Jamie knew who he was and who he was serving, He was a subject of the sovereign and he was serving her and her kingdom.

Jamie’s letters home to his parents were sometimes filled with his frustration at being at war, but at the same time never drew him away from who he knew he was and what he was doing, who he was serving. He even wanted to be buried if the time came in his dress uniform, and have the national anthem played at his funeral. Because he knew who he was and what he was doing.

 

Sadly that time did come and Jamie was shot and killed on 6th November 2006.

…o0O0o…

Jamie knew who he was and who he was serving,

It’s the same for us, but whilst we might be citizens of the United Kingdom, our earthly home, our true identity is in being in Jesus’ kingdom. In serving him. In living for him.

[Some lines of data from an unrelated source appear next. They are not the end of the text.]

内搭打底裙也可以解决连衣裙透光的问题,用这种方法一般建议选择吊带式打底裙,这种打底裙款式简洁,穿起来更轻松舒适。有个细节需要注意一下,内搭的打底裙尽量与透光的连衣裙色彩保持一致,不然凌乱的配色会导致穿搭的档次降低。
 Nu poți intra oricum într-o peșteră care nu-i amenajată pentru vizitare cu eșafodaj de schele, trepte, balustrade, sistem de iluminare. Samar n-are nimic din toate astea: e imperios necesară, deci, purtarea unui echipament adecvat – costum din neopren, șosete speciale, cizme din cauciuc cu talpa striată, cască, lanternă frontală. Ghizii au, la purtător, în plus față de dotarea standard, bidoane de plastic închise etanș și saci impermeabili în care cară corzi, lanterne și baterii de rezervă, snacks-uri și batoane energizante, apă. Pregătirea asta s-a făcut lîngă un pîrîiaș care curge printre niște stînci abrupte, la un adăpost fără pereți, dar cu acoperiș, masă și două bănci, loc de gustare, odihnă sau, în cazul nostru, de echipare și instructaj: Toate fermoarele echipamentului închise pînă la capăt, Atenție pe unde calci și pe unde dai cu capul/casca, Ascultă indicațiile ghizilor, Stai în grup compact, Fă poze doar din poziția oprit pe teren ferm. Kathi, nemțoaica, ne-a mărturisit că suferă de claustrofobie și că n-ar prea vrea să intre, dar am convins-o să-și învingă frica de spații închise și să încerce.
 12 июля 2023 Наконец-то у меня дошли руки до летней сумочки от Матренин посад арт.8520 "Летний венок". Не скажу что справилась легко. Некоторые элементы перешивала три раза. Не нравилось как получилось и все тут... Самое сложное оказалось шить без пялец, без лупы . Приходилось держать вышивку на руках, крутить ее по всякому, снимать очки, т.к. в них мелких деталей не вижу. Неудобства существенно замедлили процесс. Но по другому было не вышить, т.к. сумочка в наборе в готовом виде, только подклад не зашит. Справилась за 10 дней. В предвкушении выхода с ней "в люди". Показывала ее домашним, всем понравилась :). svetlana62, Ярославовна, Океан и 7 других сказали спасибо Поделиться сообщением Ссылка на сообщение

And Jesus is the ultimate word. In the beginning of John’s gospel. Jesus is introduced as ‘the word’.

 

 In the beginning was the Word, and the Word was with God, and the Word was God. 

 

That word is Jesus. And the Greek for word is ‘Logos’ the same word that actually means a word like a written word or a spoken word which you can see throughout the New testament …

But logos was also a term familiar to both Jews and Greeks at the time. For Jews in like a personification as the instrument of God’s will or revelation. God’s spoken revelation…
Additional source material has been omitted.